PROBLEM TO WORK ON
Would you transcribe exactly the lines from the beginning of the records below through the line with "Roasted Cauliflower Chickpea", both included, omitting the pictures?

INFORMATION SUPPLIED
===

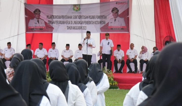 Medan, POL | Wali Kota Medan Bobby Nasution melantik sebanyak 1153 Pegawai Pemerintah Dengan Perjanjian Kerja (PPPK) di lingkungan Pemko Medan tahun 2023 di Stadion Mini USU, Rabu (21/6/2023).
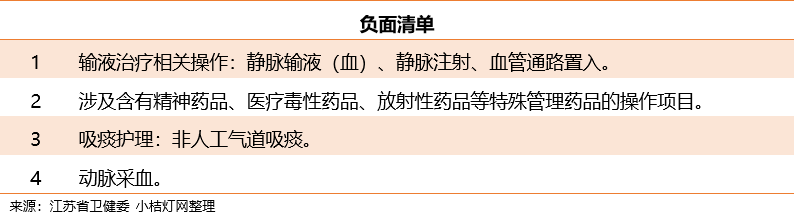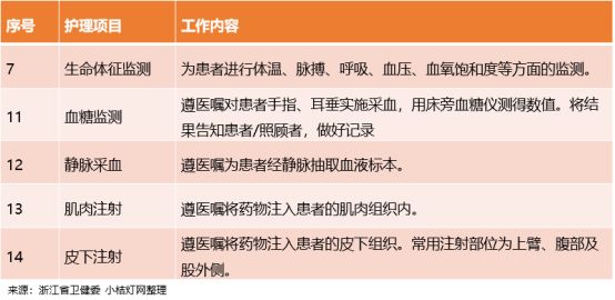 从各地公布的护理项目来看,其服务项目涉及的范围大致相同,生命体征监测、血糖检测、标本采集、皮下注射和肌肉注射等均在列。另外,江苏还明确了“负面清单”,禁止涉及含有精神药品、医疗毒性药品、放射性药品等特殊管理药品和有创操作技术项目等。
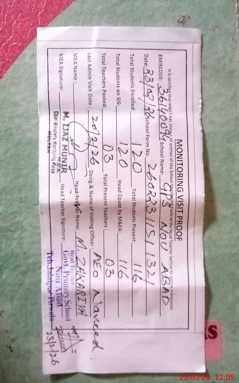 | EMIS Code: 36140094 | Name of School: GPS NOU ABAD JALALPUR PIRWALA | |||
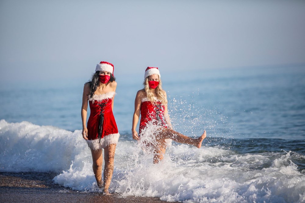 Oluşturdukları kalp şekli ve taktıkları kırmızı maskelerle dünyaya 'sağlık ve barış' mesajı veren noel anneler, denize girmeyi de ihmal etmedi.
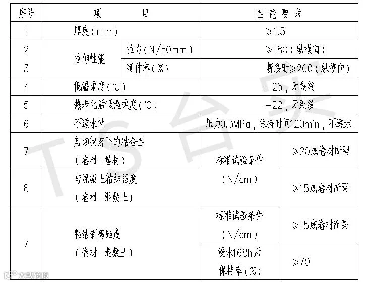 本工程在管廊底板底部采用SBS改性沥青防水卷材。其材料性能如下:
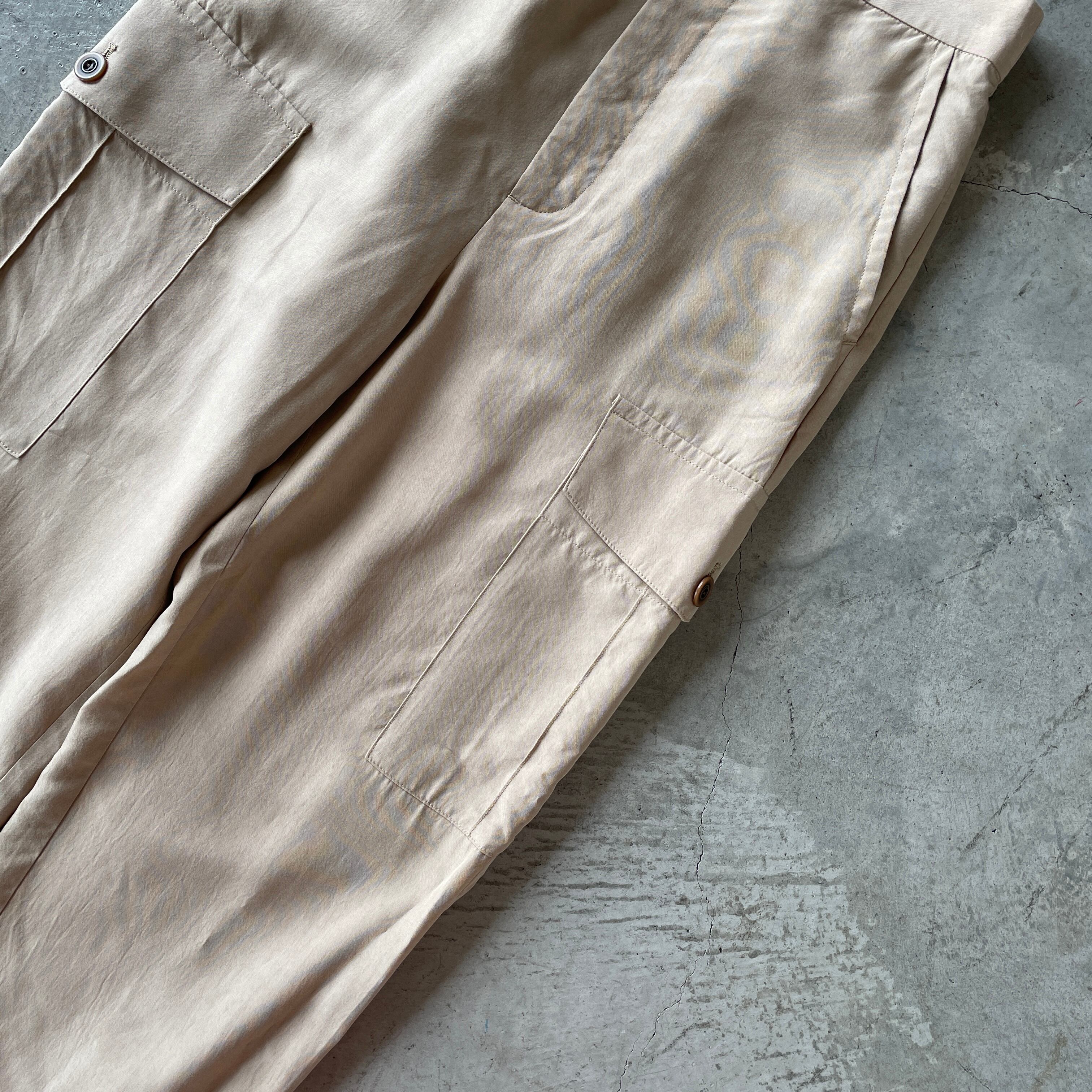 ミリタリーデザインと落ち感と上品な光沢感のある素材の組み合わせが魅力な、ミリタリーパンツ。
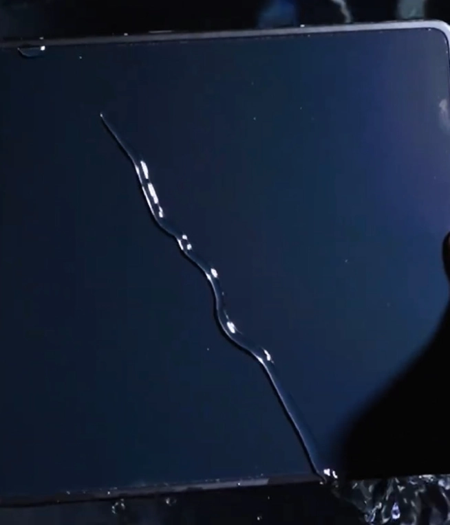 In the teaser clip, the foldable was shown being taken out of water with both the front and inner displays active. The crease appeared almost invisible even under light reflection — a major improvement if the real-world performance matches the demo.
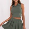 Sporty women’s tennis set is the perfect combination of comfort and style. It consists of a fitted sleeveless top with a collar and a flared skirt with built-in shorts, which provide comfort and freedom of movement. The high waist accentuates the silhouette, and the elastic waistband guarantees a perfect fit. Made of high-quality polyamide and elastane, the set is lightweight, breathable, and perfect for everyday wear as well as during sports activities. The smooth design gives it a universal character, and the lack of pockets emphasizes the minimalist style. The mini length adds a feminine charm, making this set a great choice for active women who appreciate fashion and functionality. Shorts are made of 95% polyester, 5% elastane.
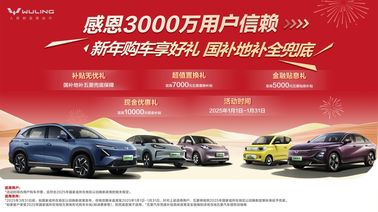 感恩3000万用户信赖,新年购五菱享四重好礼,国补地补全兜底!
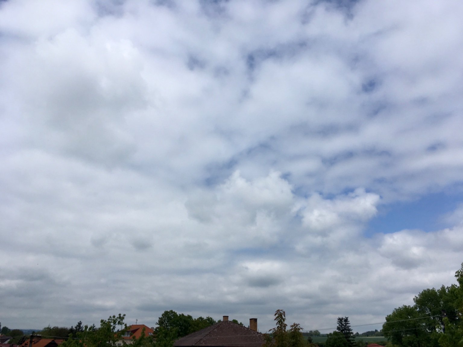 Na poměry letošního května je vlastně teplo, ale jinak nic moc. Vane slabý východní vítr, tlak: 1017hPa.
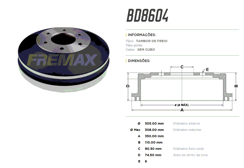 18739 - TAMBOR TRAS GM A20/D20 93/96 6-FUROS
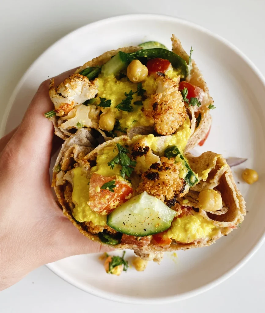 Roasted Cauliflower Chickpea Pita with Lemon-Tahini Dressing
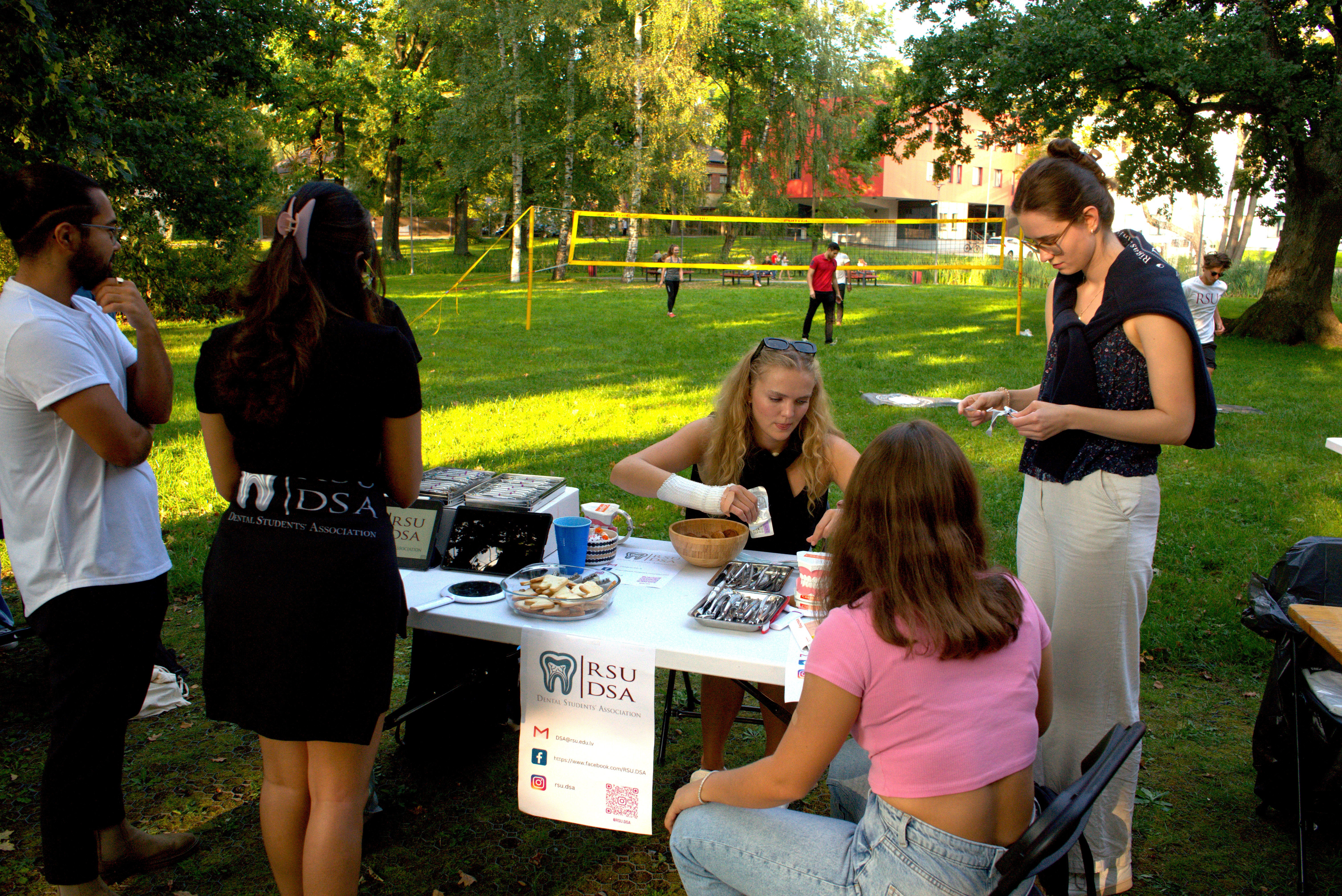 Amelie (center) at the RSU ISA Info Fair, representing the University's Dental Student Association. Photo from DSA archive
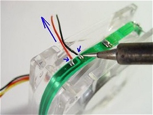 | Så tager du lode koblen og lodder de to tilbage værende ledninger som sidder på LED printet. Være forsigtig at ikke varme/brænde printet for meget.  |

===

RESPONSE TO THE TASK
 Medan, POL | Wali Kota Medan Bobby Nasution melantik sebanyak 1153 Pegawai Pemerintah Dengan Perjanjian Kerja (PPPK) di lingkungan Pemko Medan tahun 2023 di Stadion Mini USU, Rabu (21/6/2023).
 从各地公布的护理项目来看,其服务项目涉及的范围大致相同,生命体征监测、血糖检测、标本采集、皮下注射和肌肉注射等均在列。另外,江苏还明确了“负面清单”,禁止涉及含有精神药品、医疗毒性药品、放射性药品等特殊管理药品和有创操作技术项目等。
 | EMIS Code: 36140094 | Name of School: GPS NOU ABAD JALALPUR PIRWALA | |||
 Oluşturdukları kalp şekli ve taktıkları kırmızı maskelerle dünyaya 'sağlık ve barış' mesajı veren noel anneler, denize girmeyi de ihmal etmedi.
 本工程在管廊底板底部采用SBS改性沥青防水卷材。其材料性能如下:
 ミリタリーデザインと落ち感と上品な光沢感のある素材の組み合わせが魅力な、ミリタリーパンツ。
 In the teaser clip, the foldable was shown being taken out of water with both the front and inner displays active. The crease appeared almost invisible even under light reflection — a major improvement if the real-world performance matches the demo.
 Sporty women’s tennis set is the perfect combination of comfort and style. It consists of a fitted sleeveless top with a collar and a flared skirt with built-in shorts, which provide comfort and freedom of movement. The high waist accentuates the silhouette, and the elastic waistband guarantees a perfect fit. Made of high-quality polyamide and elastane, the set is lightweight, breathable, and perfect for everyday wear as well as during sports activities. The smooth design gives it a universal character, and the lack of pockets emphasizes the minimalist style. The mini length adds a feminine charm, making this set a great choice for active women who appreciate fashion and functionality. Shorts are made of 95% polyester, 5% elastane.
 感恩3000万用户信赖,新年购五菱享四重好礼,国补地补全兜底!
 Na poměry letošního května je vlastně teplo, ale jinak nic moc. Vane slabý východní vítr, tlak: 1017hPa.
 18739 - TAMBOR TRAS GM A20/D20 93/96 6-FUROS
 Roasted Cauliflower Chickpea Pita with Lemon-Tahini Dressing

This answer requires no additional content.